Lene Antonsen (Romssa universitehta)
Trond Trosterud (Romssa universitehta)

Viečča artihkkala dás (pdf).

Why the computer should know its Sami grammar

Language technology constitutes the foundation for the necessary infrastructure needed for any language to function in a modern literary society. The Sami languages differ from the languages for which most such technology is developed in two important ways: The body of text available (either Sami or bilingual Sami – majority language) constitutes but a fraction of what is available for Western European state languages, and the Sami languages have morphological structures far more complex than the ones for most of the Western European state languages.

The article argues that the answer to this challenge is to build a grammar-based language technology for the Sami languages, and presents ongoing work fulfilling this goal.
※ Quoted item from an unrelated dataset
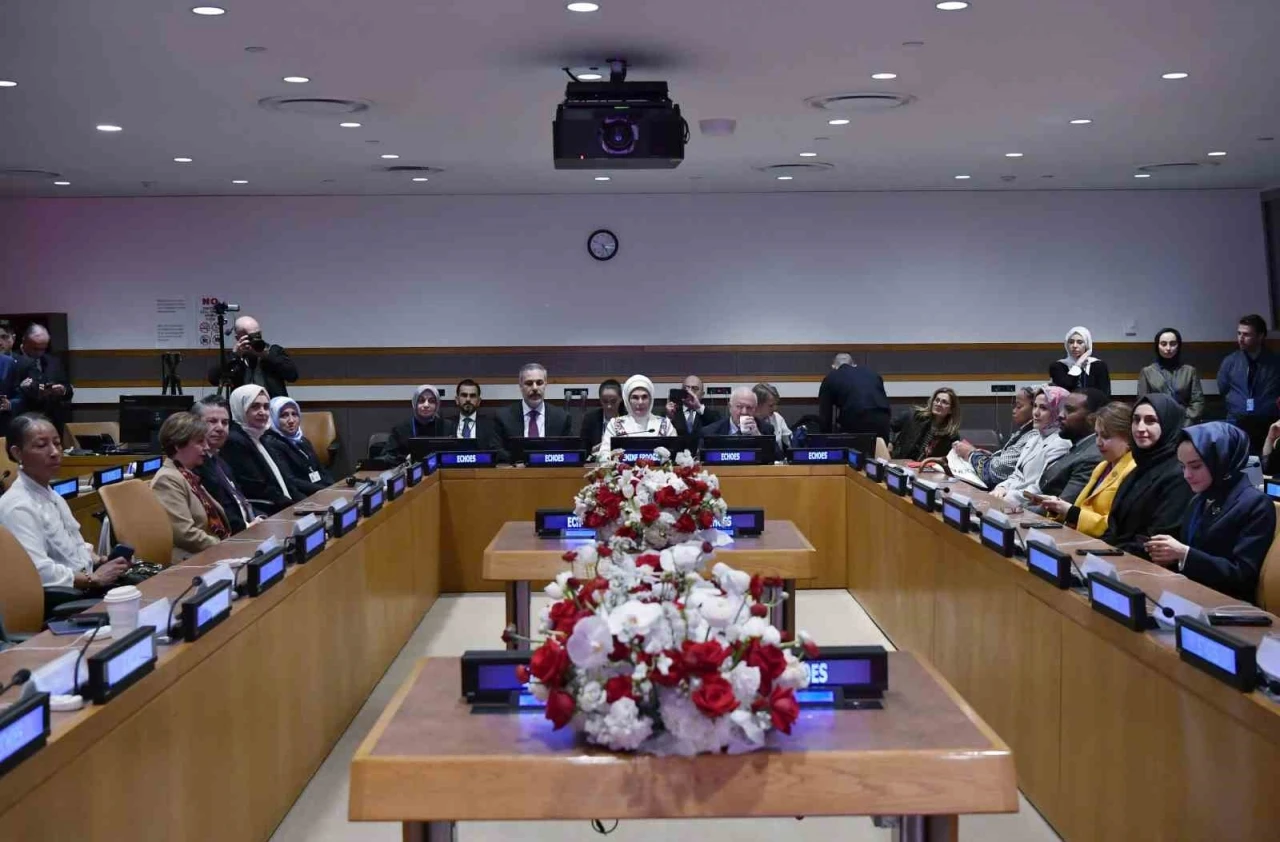 Panelin arından Emine Erdoğan, beraberindekilerle birlikte BM binası Delege girişi katında bulunan Yankılar Sergisi’ni gezerek, sergi hakkında detaylı bilgi aldı ve misafirlerle birlikte fotoğraf çektirdi.

It is shown how morphophonological processes and inflectional and derivational morphology may be modelled as finite-state transducers, and combined with a syntactic component consisting of context-sensitive constraint grammar rules, to constitute a robust grammatical analyser capable of both analysing running text, and generating any word form. The speech communities of the Sami languages are not large enough to uphold a language technology industry, but the grammar-based language model is interesting for theoretical linguists as well.

Practical applications derived from the basic grammatical analysers include spell-checkers, interactive computer-assisted language learning programs, and machine translation.